**About this exercise:** A faithful copy of each record is required, minus the images.

** Given information follows **

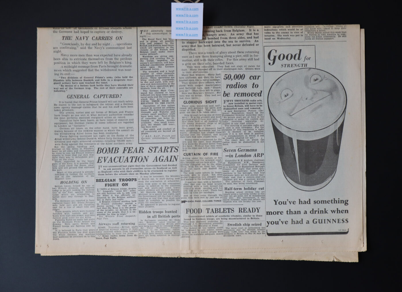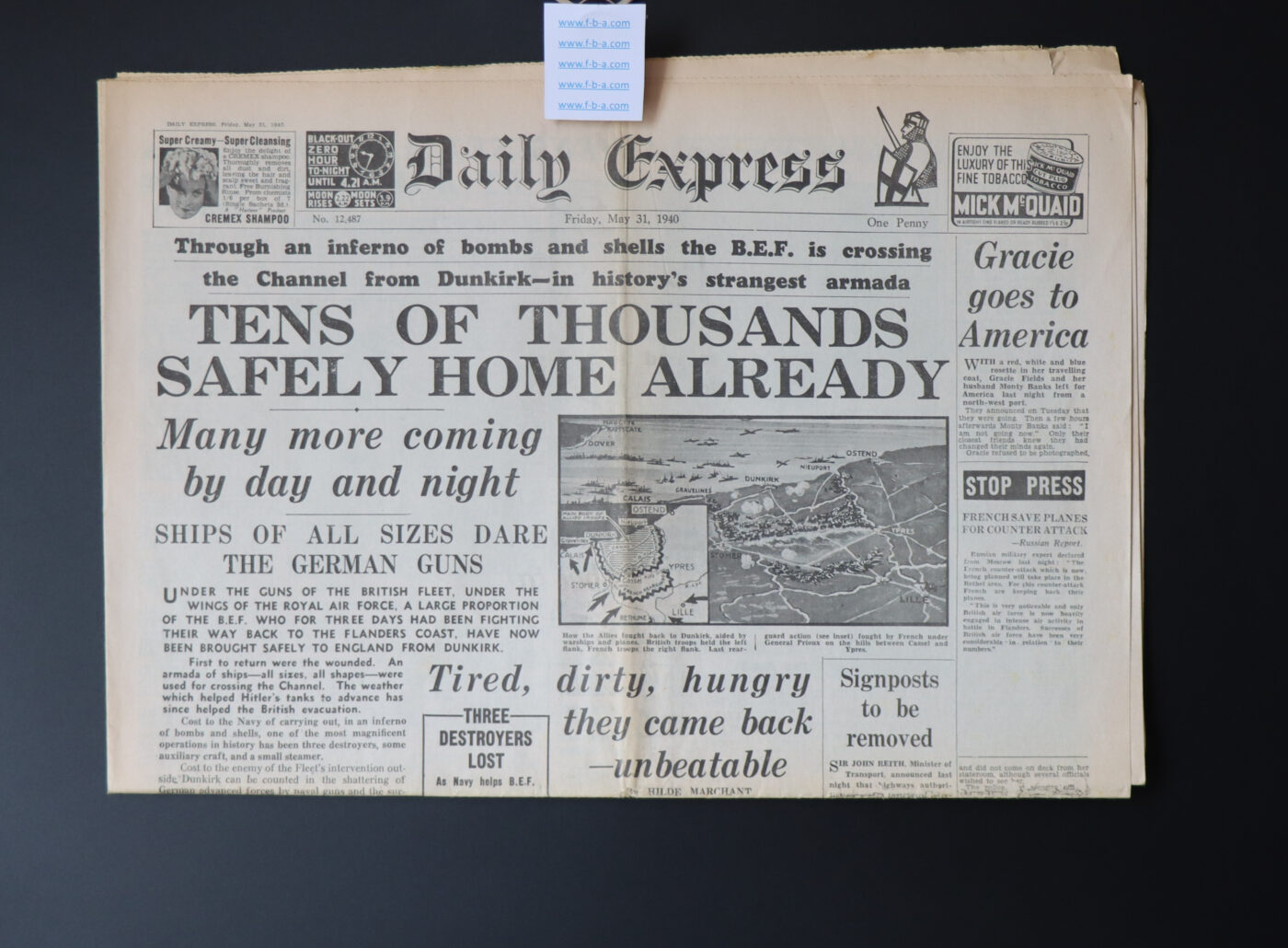 DUNKIRK SECOND WORLD WAR. DAILY EXPRESS Friday May 31st 1940
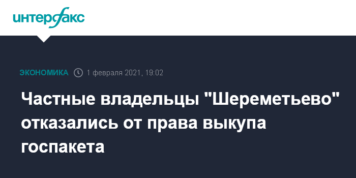 Частные владельцы "Шереметьево" отказались от права выкупа госпакета
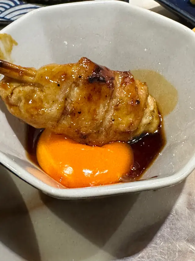 雞肉棒烤制後香氣四溢,日本醬油蛋汁是靈魂
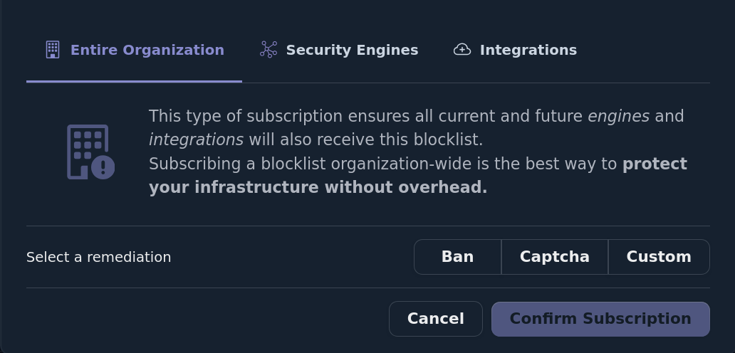 The simplest way to subscribe to a blocklist is at the organization level. This will apply the blocklist to all Security Engines and Integrations within the organization this will include current and future Security Engines and Integrations.
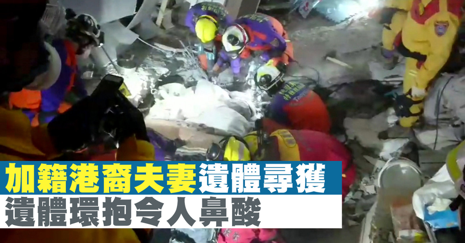 再來看到,花蓮雲翠大樓在地震中倒塌,搜救人員不分晝夜尋找一對加拿大籍香港裔夫妻,與陸客三代一家五口。今天下午,救難人員在漂亮生活旅店213號房,也就是地震當晚加拿大夫妻入住的房間,發現兩人遺體,被水泥板壓住,明顯沒有生命跡象。兩人被發現時,遺體呈現環抱姿勢,現場令人鼻酸。 //asset3.ntdtv.com.tw/public/uploads/assets/2018/02/09/2018-02-09-5a7d900f9f20a.mp4 花蓮強震2018-02-09 21:08:16
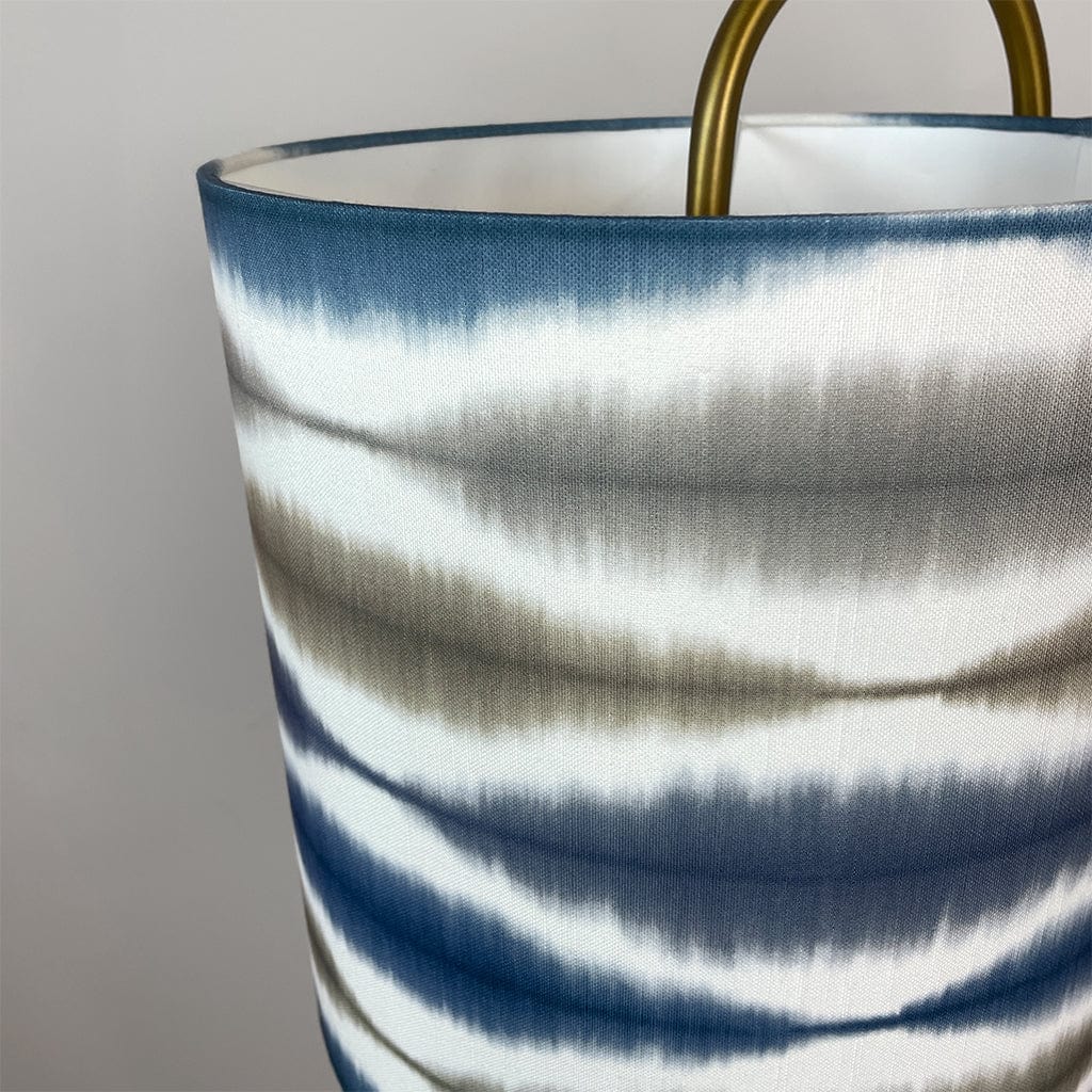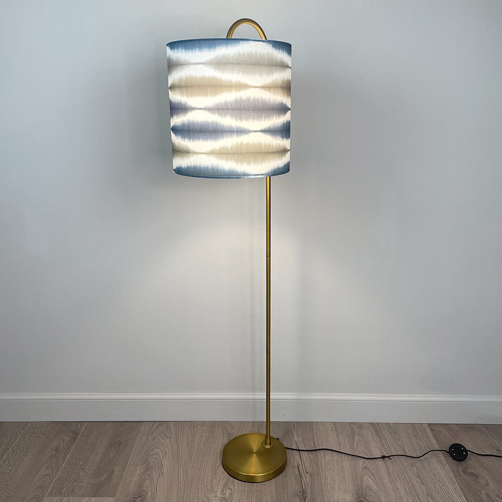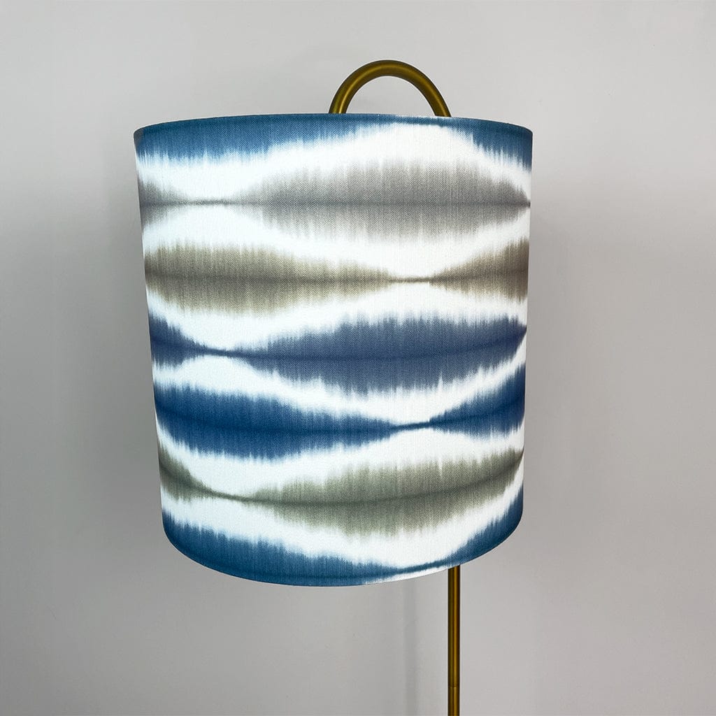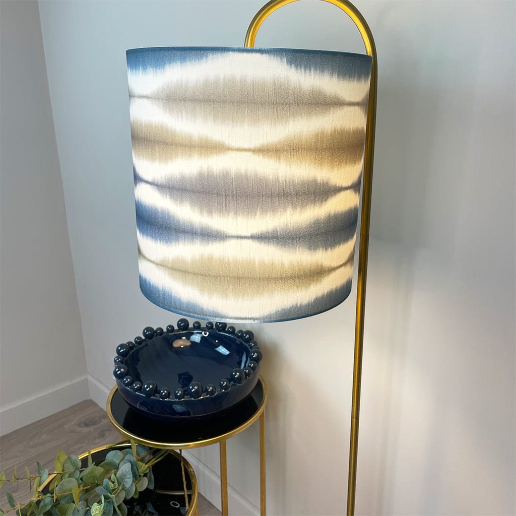 This Idra floor lamp is a slim and modern floor lamp with an oversize J arm. Finished in satin black, this is a statement piece perfect for a cosy corner or behind a chair. We have paired with a cylinder shade in showcasing a rhythmic ikat-inspired pattern in calming tones of slate blue, ink, and neutral beige. The shade’s matt white lining softly diffuses the light allowing the fabric to glow and colours to pop when lit.

** End of Given information **

**Response for this exercise:**
 DUNKIRK SECOND WORLD WAR. DAILY EXPRESS Friday May 31st 1940
 Частные владельцы "Шереметьево" отказались от права выкупа госпакета
 雞肉棒烤制後香氣四溢,日本醬油蛋汁是靈魂
 The simplest way to subscribe to a blocklist is at the organization level. This will apply the blocklist to all Security Engines and Integrations within the organization this will include current and future Security Engines and Integrations.
 再來看到,花蓮雲翠大樓在地震中倒塌,搜救人員不分晝夜尋找一對加拿大籍香港裔夫妻,與陸客三代一家五口。今天下午,救難人員在漂亮生活旅店213號房,也就是地震當晚加拿大夫妻入住的房間,發現兩人遺體,被水泥板壓住,明顯沒有生命跡象。兩人被發現時,遺體呈現環抱姿勢,現場令人鼻酸。 //asset3.ntdtv.com.tw/public/uploads/assets/2018/02/09/2018-02-09-5a7d900f9f20a.mp4 花蓮強震2018-02-09 21:08:16
 This Idra floor lamp is a slim and modern floor lamp with an oversize J arm. Finished in satin black, this is a statement piece perfect for a cosy corner or behind a chair. We have paired with a cylinder shade in showcasing a rhythmic ikat-inspired pattern in calming tones of slate blue, ink, and neutral beige. The shade’s matt white lining softly diffuses the light allowing the fabric to glow and colours to pop when lit.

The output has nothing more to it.